State Legislatures. Of the 99 legislative chambers across the country (Nebraska is unicameral), 87 held elections. This translates to 46 states that held legislative races; the remaining four (Louisiana, Mississippi, New Jersey and Virginia) will hold their regular legislative elections in odd-numbered years. Republicans now control 61 state chambers and Democrats control 37, according to the National Conference of State Legislatures.

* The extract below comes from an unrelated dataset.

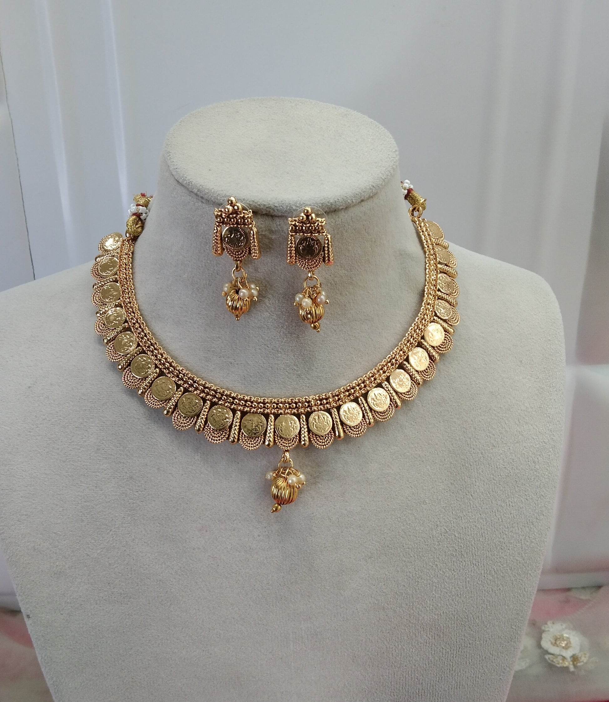 * Gold Finish Polki Necklace Set with earrings as shown in the pic.
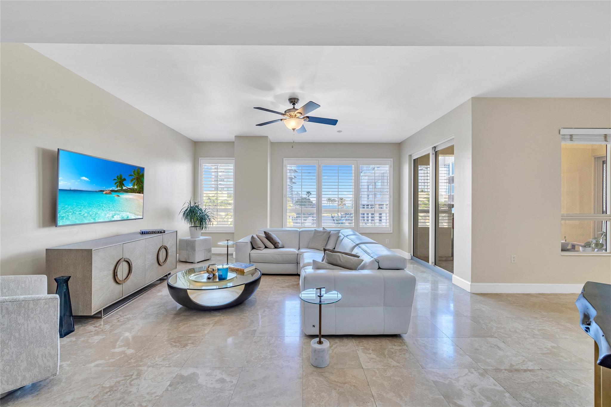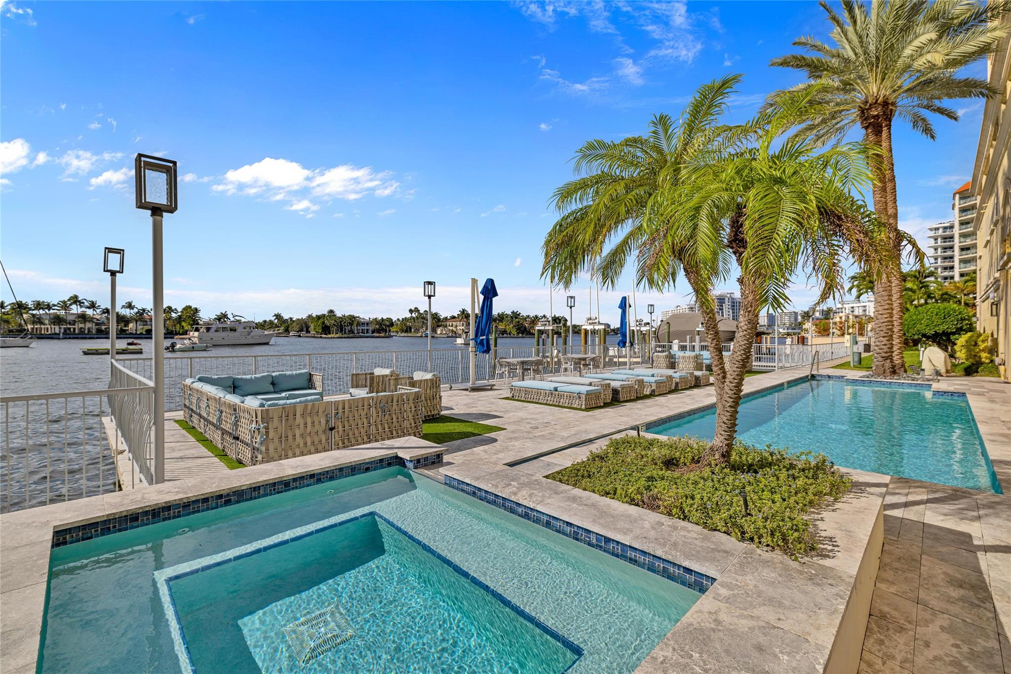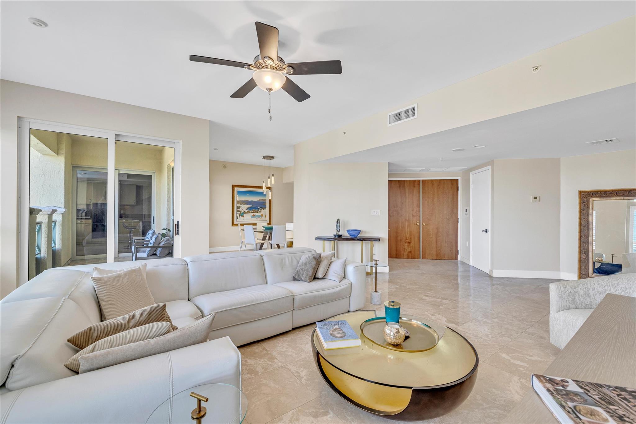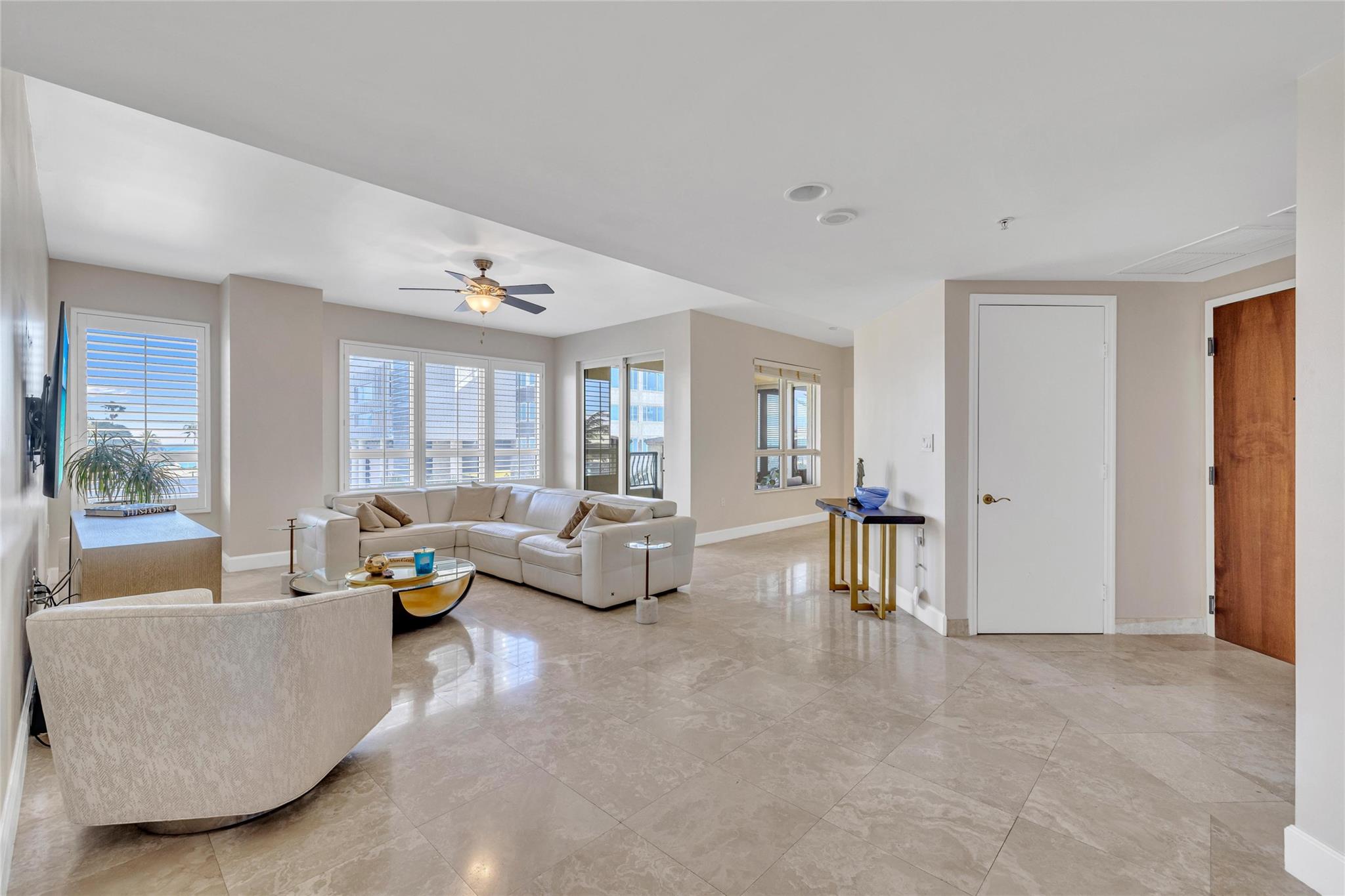 Seldom-available luxury in the Alhambra Condominium. This fabulous mid-level corner home lives like a house. The den is converted to 3rd bedroom with shared bath access. High ceilings, spacious rooms filled with natural light, generous closets, cooks kitchen with center island and multiple prep areas, large utility room with wash tub, the deep protected balcony faces east with views to the ocean a short block away. Secure garage parking for two cars. Heated Intracoastal-front pool, nice gym facility. Alhambra is favored for its sophisticated public spaces, boutique style, efficient 24 hour lobby staff and an excellent location blocks to Las Olas. The new Las Olas Marina with (future) top notch restaurant is steps away. Cafes and bakeries of North Beach are nearby.

Only one state, Minnesota, will have a split legislature going into 2019. The last time there was only one divided state legislature was more than 100 years ago, according to NCSL.
Two states, Alaska and New York, had technical changes to party control in their legislative chambers. After the election, the Democrats won both numerical and functional control of New York Senate. Before the election, a Republican-led coalition held power. The reverse occurred in the Alaska House, where the Republicans now hold numerical and functional control of the chamber. Before the election, a small group of Republicans had allied with the Democrats to lead the chamber, according to NCSL.
Additionally, there are changes in states with government trifectas (where one political party controls both legislative branches and the executive office). After the election, there are Republican trifectas in 22 states, Democratic trifectas in 14 states, and 14 states are divided or unicameral.